Information given =>
____

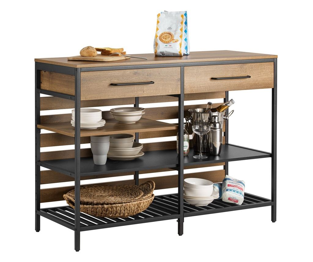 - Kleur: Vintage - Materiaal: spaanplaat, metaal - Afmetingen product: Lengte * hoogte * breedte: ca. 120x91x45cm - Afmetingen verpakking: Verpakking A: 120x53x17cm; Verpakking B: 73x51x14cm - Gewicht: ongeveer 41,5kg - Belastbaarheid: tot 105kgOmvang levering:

____

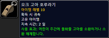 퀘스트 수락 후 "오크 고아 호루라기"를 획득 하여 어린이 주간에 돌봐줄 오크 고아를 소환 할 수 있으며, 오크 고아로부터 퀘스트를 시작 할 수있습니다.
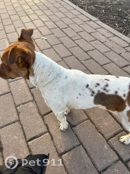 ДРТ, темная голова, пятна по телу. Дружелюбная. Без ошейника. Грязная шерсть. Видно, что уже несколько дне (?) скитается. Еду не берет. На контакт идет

____

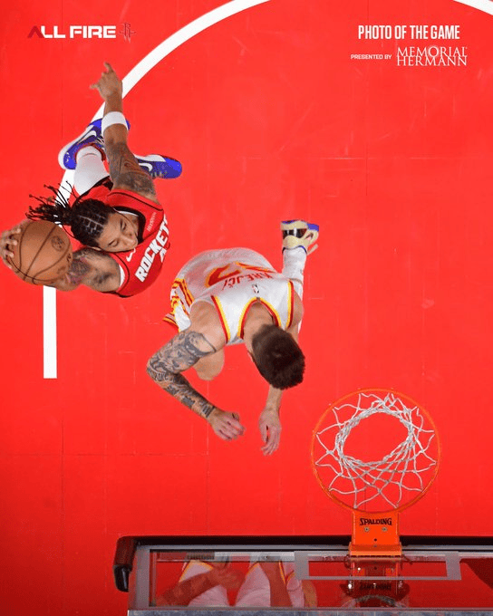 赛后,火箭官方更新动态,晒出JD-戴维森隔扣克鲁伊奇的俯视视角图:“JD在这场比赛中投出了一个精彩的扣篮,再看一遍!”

____

Problem to work on => Set down again, word for word, every line from the one with "시작 할 수있습니다." to the one with "ДРТ, темная голова, пятна" in the entries above, and omit the pictures.

Result of this task =>
 퀘스트 수락 후 "오크 고아 호루라기"를 획득 하여 어린이 주간에 돌봐줄 오크 고아를 소환 할 수 있으며, 오크 고아로부터 퀘스트를 시작 할 수있습니다.
 ДРТ, темная голова, пятна по телу. Дружелюбная. Без ошейника. Грязная шерсть. Видно, что уже несколько дне (?) скитается. Еду не берет. На контакт идет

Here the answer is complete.